» **EXERCISE OBJECTIVE**
Your answer must restate the listing below word for word and contain no images.

» **DATA SHOWN**
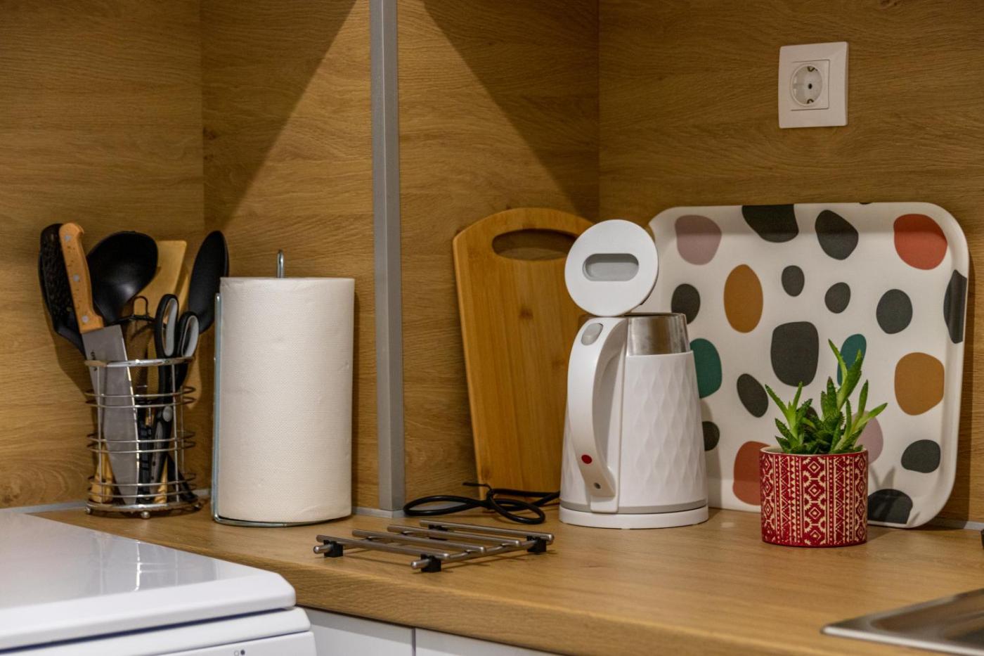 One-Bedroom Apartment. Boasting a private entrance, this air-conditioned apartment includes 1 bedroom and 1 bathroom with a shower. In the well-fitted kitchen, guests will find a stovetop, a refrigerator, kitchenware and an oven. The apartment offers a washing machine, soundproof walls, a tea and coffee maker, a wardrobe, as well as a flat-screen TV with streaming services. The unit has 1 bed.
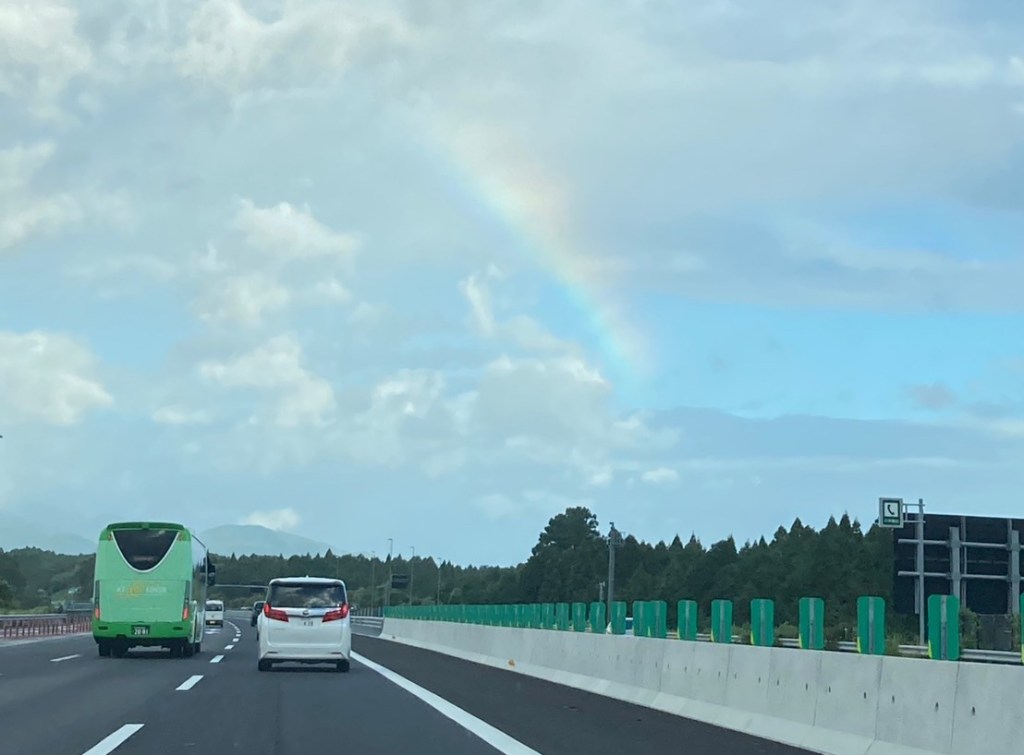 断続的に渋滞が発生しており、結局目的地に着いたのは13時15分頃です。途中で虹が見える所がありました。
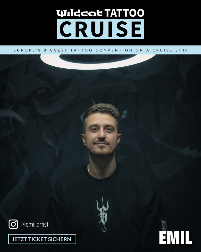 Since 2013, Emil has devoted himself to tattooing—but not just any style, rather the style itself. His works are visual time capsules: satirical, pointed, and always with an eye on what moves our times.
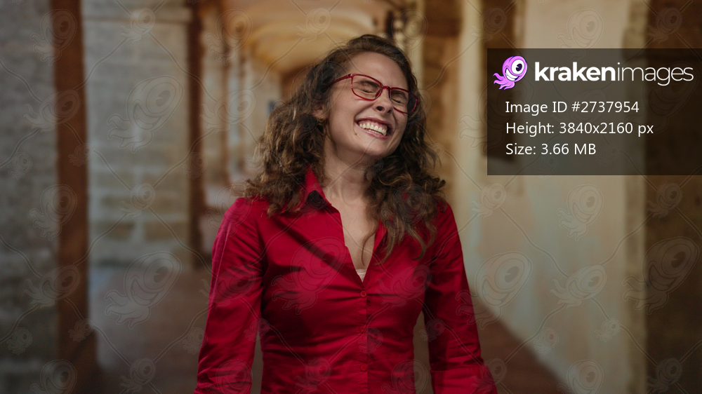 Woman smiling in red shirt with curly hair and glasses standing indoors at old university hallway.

» **ANSWER TO THIS EXERCISE**
 One-Bedroom Apartment. Boasting a private entrance, this air-conditioned apartment includes 1 bedroom and 1 bathroom with a shower. In the well-fitted kitchen, guests will find a stovetop, a refrigerator, kitchenware and an oven. The apartment offers a washing machine, soundproof walls, a tea and coffee maker, a wardrobe, as well as a flat-screen TV with streaming services. The unit has 1 bed.
 断続的に渋滞が発生しており、結局目的地に着いたのは13時15分頃です。途中で虹が見える所がありました。
 Since 2013, Emil has devoted himself to tattooing—but not just any style, rather the style itself. His works are visual time capsules: satirical, pointed, and always with an eye on what moves our times.
 Woman smiling in red shirt with curly hair and glasses standing indoors at old university hallway.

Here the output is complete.